Tuesday, 27 April 2010
Blog 5. Blog blocked in Delhi in February
Delhi Ghosts
Delhi is a thundering city relentless in its inexorable march to becoming a Mega-metropolis swallowing up whatever it needs along the way. New Delhi – World City proclaim the billboards beside the dust, rubble and traffic jams of the Metro in construction
It is strange and overwhelming and so very different. But like everything in India the past lives on alongside the new. Paradoxically even Curzon’s Imperial vision for India continues as now a confident and rather ‘Imperial’ Independent India sees itself as its inheritor. But then again, so too somewhere Gandhi’s vision must also persist .. somewhere…
But the thundering city has been thundering in my head too making me positively blog-blocked. I have been overwhelmed by ghosts of my parents’ past betraytals, stolen dreams, appropriated possessions and manifold injustices they were subjected to as they struggled to reclaim their ‘perfect universe’ from which they were so cruelly torn. And I found myself wracked with the ‘pain of too much tenderness’, - wishing, I could have protected them better, loved them more, and wondering what, but what can I do now? What, but what is my legacy? What, but what do I do with the Ghouls and Ghosts that are invading my mind? There are things that I know I wish I could forget and let go and there are things I don’t know and wish I did know and at the same time there is also so much to do, so much to sort, so much to clear and clarify and I am all alone and if Alone really is all-one, then what, where and how will that come? That All-One?
Having lost Lahore, Delhi became the city to which we were to make our return and put together the fragments of the perfect universe. It is also the city from where I left India for Paris, aged five, carrying a big tin of ghee, the family having heard there was rationing in Europe and certainly there would be no ghee! I remember that tin, with the metal handle, picking it up and putting it down on the tarmac and being so, so, happy. I was about to reclaim my perfect universe - to be with my parents once again after a miserable spell at boarding school. I can remember smiling so wide that I could that I could see my chubby cheeks. Independent India was less than one year old, and we were refugees.
‘Do you think, if your father known that by taking that six month job with Unesco he wouldn’t return to India, that he would have taken it?’ Gitaben, and old family friend had said to me that previous summer. It was a rhetorical question. ‘I don’t think he would.’ She continued, ‘ Your parents were both very rooted in India. None of us imagined they wouldn’t be able to come back.’ A few days later I asked my Calcutta cousin , also in London at the time and who had come over to see my mother if she remembered my parents in Lahore. ‘ Oh yes!’ she replied, ‘ very well. Your parents my darling, were stars.And they were both so beautiful. Beautiful Stars.’
Nizammuddin.
I am staying in Nizammudin, where a friend has lent me his beautiful flat. It feels a bit like the old India of my childhood, slow paced, gracious with the cries the hawkers in the air and as the cars don’t blow their horns, one can imagine there aren’t many around. But once out of the gated colony one is in the roar of the storm.
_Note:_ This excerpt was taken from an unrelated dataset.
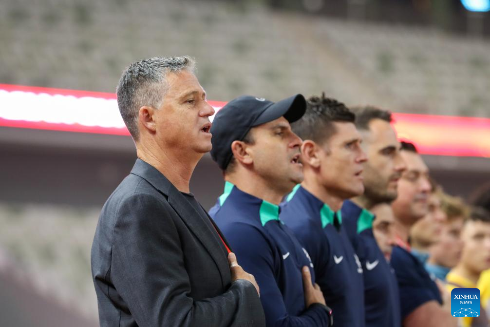 Trevor James Morgan (1st L), head coach of Australia, reacts before the semifinal match between Australia and Japan at the AFC U20 Asian Cup football tournament in Shenzhen, south China's Guangdong Province, Feb. 26, 2025. (Xinhua/Li Xulun)
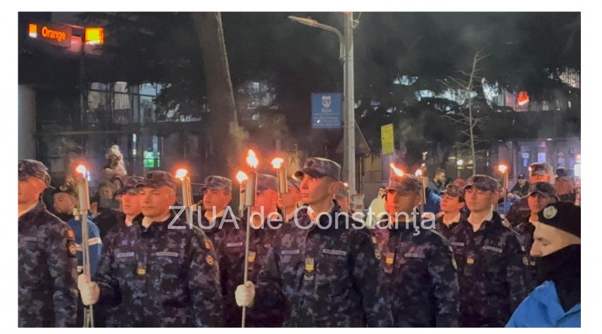 FOTO-VIDEO. Retragerea cu torțe a militarilor, moment de Ziua Națională la Constanța

Nizammudin, named after the great Sufi saint of the 14th century, is also the place where our family could and should have returned, as we, like other refugees from the Partition, were given plots of land there and I remember my mother lying on the bed of our small flat Paris and designing the house she would build to replace the one she had lost. ‘You know I was the first person in my family to build a house’ she would tell me proudly as she described the layout of the new one:- the drawing room, my fathers study and the places she would put all her precious things, her Reorich painting, her Chinese bureau and her golden Buddha, a more recent acquisition from the Paris flea market. I am sad it didn’t get built that the land in Nizammudin got sold, wondering why? Probably she was badly advised or wanting to be closer to her family.
‘The family’ were a central component of my mother’s perfect universe and she loved them all unconditionally. In a condolence letter a family friend had written: ‘Blood ties were important to her and cost her a heavy price.’ And indeed they did. A very heavy price.
Haus Khas
‘Haus Khas?’ asks the Taxi driver. I nod in reply.
In the Delhi of my childhood, Haus Khas was a picnic ground, today it is densly populated. In the early 50’s my mother located a large tract of land coming up for sale in developing Delhi, gave the contact details to her closest family whom she loved dearly, suggested they buy some plots and let her know and buy one for her too. They did let her know and she sent her money which they used it to buy more land for themselves and just cut her out. To this day I remember her distress and shock.
And I remember my own sense of utter bewilderment - these were supposed to be people we loved and who loved us and this appeared a most unloving thing to do.
I always felt that knot of unkindness, greed, injustice even contempt contaminated our return to the perfect universe. A rotten seed was sown then and it sort of continued to grow.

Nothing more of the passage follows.